PoSTuRE, from bench to bedside

Over an impressively short period of four years, the PoSTuRE project has been brought from test to trial. Were it not for COVID, the clinical trial would have already started and the first patients would have undergone surgery using the new technique. ‘We can act directly, everything is in place now,’ says Paul Willems, an orthopaedic surgeon at Maastricht University Medical Centre.

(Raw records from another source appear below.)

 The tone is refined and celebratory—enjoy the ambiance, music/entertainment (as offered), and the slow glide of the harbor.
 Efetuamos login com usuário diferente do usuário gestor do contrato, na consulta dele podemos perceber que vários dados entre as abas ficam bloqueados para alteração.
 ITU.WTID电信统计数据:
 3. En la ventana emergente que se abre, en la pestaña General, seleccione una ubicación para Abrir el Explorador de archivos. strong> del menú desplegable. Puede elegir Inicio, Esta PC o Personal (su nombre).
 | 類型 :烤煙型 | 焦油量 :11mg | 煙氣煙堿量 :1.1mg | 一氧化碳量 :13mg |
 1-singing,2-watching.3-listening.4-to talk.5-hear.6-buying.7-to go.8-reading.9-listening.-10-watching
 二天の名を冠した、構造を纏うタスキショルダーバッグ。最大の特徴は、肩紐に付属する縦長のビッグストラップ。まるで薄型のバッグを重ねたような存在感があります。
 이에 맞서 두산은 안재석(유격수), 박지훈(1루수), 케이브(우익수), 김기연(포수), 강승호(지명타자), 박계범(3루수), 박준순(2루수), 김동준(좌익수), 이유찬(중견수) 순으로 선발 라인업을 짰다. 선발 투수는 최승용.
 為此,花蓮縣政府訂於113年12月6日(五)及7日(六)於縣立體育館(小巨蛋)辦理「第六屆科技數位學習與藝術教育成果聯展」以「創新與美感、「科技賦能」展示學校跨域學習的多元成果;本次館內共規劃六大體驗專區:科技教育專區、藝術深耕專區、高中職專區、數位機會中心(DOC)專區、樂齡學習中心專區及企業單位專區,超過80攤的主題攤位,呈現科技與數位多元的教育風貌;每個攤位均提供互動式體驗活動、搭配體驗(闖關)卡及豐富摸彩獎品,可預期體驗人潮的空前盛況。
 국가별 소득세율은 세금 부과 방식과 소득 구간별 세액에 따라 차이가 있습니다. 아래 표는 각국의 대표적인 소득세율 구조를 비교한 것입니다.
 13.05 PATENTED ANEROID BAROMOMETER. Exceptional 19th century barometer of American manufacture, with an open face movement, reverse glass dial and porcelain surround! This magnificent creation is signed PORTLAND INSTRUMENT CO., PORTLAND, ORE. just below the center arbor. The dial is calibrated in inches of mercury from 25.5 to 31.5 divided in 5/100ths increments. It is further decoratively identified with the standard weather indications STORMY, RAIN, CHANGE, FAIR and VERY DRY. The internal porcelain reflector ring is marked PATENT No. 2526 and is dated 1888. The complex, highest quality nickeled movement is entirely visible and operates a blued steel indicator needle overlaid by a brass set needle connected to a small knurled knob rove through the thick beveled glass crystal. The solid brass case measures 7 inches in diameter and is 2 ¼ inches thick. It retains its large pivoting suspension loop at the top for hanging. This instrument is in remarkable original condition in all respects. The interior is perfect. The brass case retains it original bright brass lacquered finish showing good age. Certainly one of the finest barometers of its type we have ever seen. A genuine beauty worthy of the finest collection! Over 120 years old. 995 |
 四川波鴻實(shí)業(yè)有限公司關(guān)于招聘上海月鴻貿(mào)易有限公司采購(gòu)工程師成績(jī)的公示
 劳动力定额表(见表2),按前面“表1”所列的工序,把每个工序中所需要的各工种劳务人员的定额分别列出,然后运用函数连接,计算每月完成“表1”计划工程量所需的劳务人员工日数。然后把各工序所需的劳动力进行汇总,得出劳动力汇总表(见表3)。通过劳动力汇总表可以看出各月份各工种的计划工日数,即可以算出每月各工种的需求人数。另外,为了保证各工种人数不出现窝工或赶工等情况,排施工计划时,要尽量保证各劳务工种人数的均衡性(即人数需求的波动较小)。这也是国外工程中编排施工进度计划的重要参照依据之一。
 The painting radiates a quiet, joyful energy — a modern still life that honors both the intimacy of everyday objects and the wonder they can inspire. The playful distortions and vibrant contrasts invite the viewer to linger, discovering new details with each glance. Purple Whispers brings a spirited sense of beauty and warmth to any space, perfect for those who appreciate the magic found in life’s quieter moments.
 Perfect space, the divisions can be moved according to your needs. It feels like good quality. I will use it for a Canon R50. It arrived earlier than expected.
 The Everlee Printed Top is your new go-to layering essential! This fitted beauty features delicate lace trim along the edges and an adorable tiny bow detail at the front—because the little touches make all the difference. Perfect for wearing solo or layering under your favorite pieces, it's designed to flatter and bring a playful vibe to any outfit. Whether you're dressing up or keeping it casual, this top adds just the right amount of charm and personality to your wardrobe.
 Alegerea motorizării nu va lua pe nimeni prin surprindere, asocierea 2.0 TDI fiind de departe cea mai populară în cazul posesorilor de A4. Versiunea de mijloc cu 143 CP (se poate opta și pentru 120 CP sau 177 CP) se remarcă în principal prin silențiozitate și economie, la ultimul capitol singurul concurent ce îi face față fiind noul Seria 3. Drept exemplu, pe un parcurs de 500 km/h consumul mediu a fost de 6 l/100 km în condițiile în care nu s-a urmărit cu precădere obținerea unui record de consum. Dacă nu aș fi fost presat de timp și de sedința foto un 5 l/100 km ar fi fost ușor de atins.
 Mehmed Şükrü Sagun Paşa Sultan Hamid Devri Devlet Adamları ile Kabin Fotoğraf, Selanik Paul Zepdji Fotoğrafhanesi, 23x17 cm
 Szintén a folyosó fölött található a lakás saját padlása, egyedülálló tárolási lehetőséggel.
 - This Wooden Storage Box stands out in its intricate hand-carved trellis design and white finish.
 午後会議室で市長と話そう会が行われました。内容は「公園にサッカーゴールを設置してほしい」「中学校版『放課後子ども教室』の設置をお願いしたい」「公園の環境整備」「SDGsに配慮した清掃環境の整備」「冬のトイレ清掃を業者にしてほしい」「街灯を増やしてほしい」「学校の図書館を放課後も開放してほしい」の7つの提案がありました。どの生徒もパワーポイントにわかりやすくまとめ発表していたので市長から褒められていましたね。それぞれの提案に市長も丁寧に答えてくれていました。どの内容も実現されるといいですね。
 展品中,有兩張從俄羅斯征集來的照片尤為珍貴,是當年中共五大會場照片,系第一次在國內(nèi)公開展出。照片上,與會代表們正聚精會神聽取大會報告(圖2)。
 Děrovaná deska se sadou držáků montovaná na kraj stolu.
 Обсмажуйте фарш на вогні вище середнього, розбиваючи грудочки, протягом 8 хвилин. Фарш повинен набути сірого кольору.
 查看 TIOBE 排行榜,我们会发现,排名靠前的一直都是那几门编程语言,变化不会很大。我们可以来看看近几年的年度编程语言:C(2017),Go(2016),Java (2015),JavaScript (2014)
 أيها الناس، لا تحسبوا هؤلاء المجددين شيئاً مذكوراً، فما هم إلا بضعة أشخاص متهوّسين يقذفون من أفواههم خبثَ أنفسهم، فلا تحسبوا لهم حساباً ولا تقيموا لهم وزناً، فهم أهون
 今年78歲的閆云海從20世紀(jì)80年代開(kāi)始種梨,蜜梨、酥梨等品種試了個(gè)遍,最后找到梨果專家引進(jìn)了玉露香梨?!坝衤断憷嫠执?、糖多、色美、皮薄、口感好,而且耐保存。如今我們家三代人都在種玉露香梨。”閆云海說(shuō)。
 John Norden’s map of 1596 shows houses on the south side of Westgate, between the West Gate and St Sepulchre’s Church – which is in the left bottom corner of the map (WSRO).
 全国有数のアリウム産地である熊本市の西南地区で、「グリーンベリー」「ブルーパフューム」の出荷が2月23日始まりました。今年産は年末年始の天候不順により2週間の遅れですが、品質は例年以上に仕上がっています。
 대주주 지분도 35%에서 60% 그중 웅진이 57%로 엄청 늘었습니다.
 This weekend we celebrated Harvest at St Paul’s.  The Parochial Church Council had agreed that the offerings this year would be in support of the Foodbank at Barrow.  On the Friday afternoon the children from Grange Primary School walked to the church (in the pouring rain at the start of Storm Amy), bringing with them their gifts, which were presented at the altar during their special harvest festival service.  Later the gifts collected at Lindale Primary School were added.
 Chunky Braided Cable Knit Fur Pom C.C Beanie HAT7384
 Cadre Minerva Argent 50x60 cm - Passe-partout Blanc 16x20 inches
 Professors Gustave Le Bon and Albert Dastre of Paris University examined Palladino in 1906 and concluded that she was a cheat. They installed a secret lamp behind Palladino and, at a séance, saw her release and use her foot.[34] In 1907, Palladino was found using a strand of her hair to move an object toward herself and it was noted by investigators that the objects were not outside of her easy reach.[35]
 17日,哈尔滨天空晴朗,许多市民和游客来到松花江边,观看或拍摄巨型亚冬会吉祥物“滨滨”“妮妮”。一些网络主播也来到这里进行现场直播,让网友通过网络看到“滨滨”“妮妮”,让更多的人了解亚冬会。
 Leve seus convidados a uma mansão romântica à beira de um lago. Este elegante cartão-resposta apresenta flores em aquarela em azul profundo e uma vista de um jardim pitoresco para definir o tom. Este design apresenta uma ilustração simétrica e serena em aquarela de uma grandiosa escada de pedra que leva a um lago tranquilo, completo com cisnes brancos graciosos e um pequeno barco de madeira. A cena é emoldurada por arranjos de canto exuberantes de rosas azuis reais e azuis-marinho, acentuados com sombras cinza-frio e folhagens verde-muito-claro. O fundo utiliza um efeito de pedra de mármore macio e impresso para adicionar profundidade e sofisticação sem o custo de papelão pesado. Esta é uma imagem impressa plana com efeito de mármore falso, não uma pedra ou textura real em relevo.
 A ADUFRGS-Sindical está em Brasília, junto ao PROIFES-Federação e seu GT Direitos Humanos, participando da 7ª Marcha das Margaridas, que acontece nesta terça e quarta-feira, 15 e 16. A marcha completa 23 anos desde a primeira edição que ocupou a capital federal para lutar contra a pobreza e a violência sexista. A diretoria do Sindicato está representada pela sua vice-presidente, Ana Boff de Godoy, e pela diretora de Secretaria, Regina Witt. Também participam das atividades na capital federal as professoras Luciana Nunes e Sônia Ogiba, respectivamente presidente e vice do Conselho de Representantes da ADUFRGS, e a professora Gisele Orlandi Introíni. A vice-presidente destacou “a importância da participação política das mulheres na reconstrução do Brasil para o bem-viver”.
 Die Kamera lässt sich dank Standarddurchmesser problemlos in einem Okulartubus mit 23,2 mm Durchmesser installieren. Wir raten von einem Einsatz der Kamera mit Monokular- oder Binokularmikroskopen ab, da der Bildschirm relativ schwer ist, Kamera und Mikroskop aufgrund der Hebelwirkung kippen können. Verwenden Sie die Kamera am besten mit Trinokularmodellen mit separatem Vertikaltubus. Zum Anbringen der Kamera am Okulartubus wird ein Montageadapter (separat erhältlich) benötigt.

PoSTuRE (Patient Specific Scoliosis Treatment) offers a solution for people with scoliosis, a curvature of the spine. In the Netherlands, 4 in 1000 people have scoliosis, with serious cases requiring surgery. This involves correcting the spine and securing it with metal screws and rods. Says Paul: ‘Initially, we were looking for a solution for very young children. Because they're still growing, you can’t set the spine. This will impede the development of the chest, which can lead to lung problems. So rather than setting, you want to correct and allow growth. To do this, we used DSM’s ultra-strong Dyneema fibres to develop flexible cables that slide over metal rods. This corrects the back while allowing children to continue growing.’


These GEM power cables (named after the work location of the partners involved from Geleen, Exton (US) and Maastricht) were also found to be very effective in adults with a distortion of the spine and of particular benefit to people aged 50-plus, whose bones lose density due to osteoporosis. Says Paul: ‘In this age group, stress often occurs at the point where the rigidly fixed section meets the rest of the spine, which is still flexible, causing screws to come loose and vertebra to sometimes collapse or fracture. One in three patients will end up needing further surgery. Fixing the spine with the slightly springy cables eases this stress at the point of transition, potentially avoiding further surgery.’


‘We’ve done a lot of work in four years’, says Paul. ‘There are lots of steps to go through in getting a product to the market, and every last detail has to be registered in order to meet the requirements. In our case, we had to do this not just for the cables, but also for the leader (a thick needle that allows us to attach the cable around the vertebral arch), and the tensioning device used to adjust the tension of the screws. We couldn't have done this without our partners, including the Eindhoven University of Technology, DSM, and MDProjects. It's a question of pioneering, making connections, and establishing a network in which you share knowledge and strengthen each other. InSciTe certainly helped us here. To get from bench to bedside, you have to deal with so many layers, authorities, and companies. You can’t do it alone.’

Learning curve

‘In our hospital, we're the first department to conduct a First in Man trial with our own product,’ explains Paul. ‘Being a co-product developer is something new for our hospital. So this project is a learning curve for us and the rest of the hospital. Because of this, we’ve also worked closely with our own clinical trial center (CTCM). They will soon be able to make sure that other departments benefit from the knowledge we’ve gained and the network we've built.’

Fewer repeat operations

The first patient results are still some way off. Says Paul: ‘We’ve been ready for four months, but elective care has been scaled back due to COVID. It will be July 2021 before we can operate on the first patients. For these patients, the expected benefit is a greatly reduced likelihood of repeat surgery. The test data in the laboratories are encouraging, now we have to back this up in clinical practice.’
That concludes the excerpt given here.